In Empire’s comprehensive piece on the making of “The Dark Knight Trilogy,” one section about the production of “Batman Begins” pointed out an interesting detail regarding Nolan’s stance on a second unit. The director seemed incredulous at the thought of handing the reigns over to someone else for a film primarily centered around action: “Why would I want to direct an action film where I hire another director to direct the action?”

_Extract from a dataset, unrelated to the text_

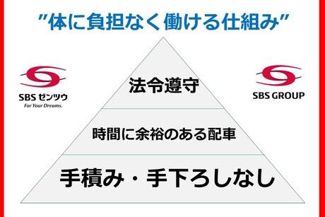 仕事内容 <顔を合わせるのは点呼や出発の時だけ>だからこそ! 笑顔であいさつ、声を掛け合う、いたわり合う 些細なコミュニケーションを大事にしています。 出発すると基本ひとりの時間のため、 ちょっとした会話が嬉しかったりする。 「体調大丈夫? 最近元気?」 そんな言葉があると、ふっと心がほぐれます。 ドライバーの体調は安全の土台ですから。 孤独にならず、マイペースで働けるのが うちの良いところ! 仕事内容は・・ ◎ 近県への配送 ・1日1~2便で、静岡~関東エリアをお願いします ・走行距離は1日150~500km(コースによる) ◎ 運ぶものは冷凍食品 ・荷物の量が安定した食品物流 ・長く続けやすい魅力の1つです <体への負担はできるだけ少なく> つらい手積み・手下ろしナシ! 体がラクだから、運転に集中していただけます。 また、時間に余裕のある配車も強み。 支店長がドライバーを思いやる風土だからこそ! せかせか・ギスギスさせません◎ 30~50代と年代も幅広く在籍しており、 女性ドライバーも2名が活躍中! もちろん外泊が必要なコースもないので、 毎日自宅でリフレッシュできる大型ドライバーです。 ドライバーは30~50代が活躍中です! 充実した待遇で働きやすい環境です。 フォロー体制も万全です。充実の研修制度が魅力! 初任運転者指導研修、同乗研修(2~3週間)、運転未経験者研修(3日程度)など、 イチから学べる環境が整っているため、 ドライバー未経験の方や、ブランクのある方も 安心してスタートすることが可能です。 ◎ ベテランによる同乗研修が好評 ・丁寧な座学・同乗研修に自信あり! ・未経験者は座学と同乗を合わせて1カ月程度、経験者は2週間程度 ・1人立ちできるまで、トコトン教えます ・新入社員から「安心する」とお声を頂いてます ・もちろん大型免許取り立ての方でもきちんと指導します! ◆ 気づけば釣り仲間に ◆ 社内に釣り仲間がいる社員もいたり、 人間関係の良さはゼンツウならでは! 八王子、昭島、立川、多摩などから 通勤されている方が多いです。 仲間想いで面倒見が良く、 遅れて帰ってきた人を手伝ったりも◎ ◎ 現場のYouTube動画です。ぜひご視聴ください! https://youtu.be/BOmaJBcAkpE?si=ObJUnXBMMV3r6IHN <上場企業ならではの強み4つ> 1.全国に物流拠点!年商230億円超 ・安定した実績で賞与も支給! ・念願のマイホーム購入や海外旅行も ・東証プライム上場SBSグループの安定・安心感! 2.従業員の安全第一! ・「働きやすい職場認証」「Gマーク」取得済 ・ドライブレコーダー、衝突軽減ブレーキ完備 3.毎日安定した配達量で不安なし ・生協の配送がメインで、市況に左右されない業務量 ・食品物流は生活に欠かせない分野です ・食いっぱぐれはありません 4.運行管理者資格などの資格取得支援制度あり ・ドライバーから管理職になられる方も!

“Batman Begins” wasn’t the first nor last time Nolan would refuse to have a second unit director. Everything that needed to be filmed would be done under his watch — no matter what purpose it served in the context of the film, it was Nolan who would oversee every aspect of production. Even later on in the director’s career, in a 2012 interview with the Directors Guild of America, Nolan was asked why he doesn’t use a second unit:
“Let me put it this way: If I don’t need to be directing the shots that go in the movie, why do I need to be there at all? The screen is the same size for every shot. The little shot of, say, a watch on someone’s wrist will occupy the same screen size as the shot of a thousand people running down the street. Everything is equally weighted and needs to be considered with equal care; I really do believe that.”
“Batman Begins” is the perfect example of the “equal care” that Nolan puts into every scene of one of his films. Look no further than the big chase scene in the film involving the tumbler.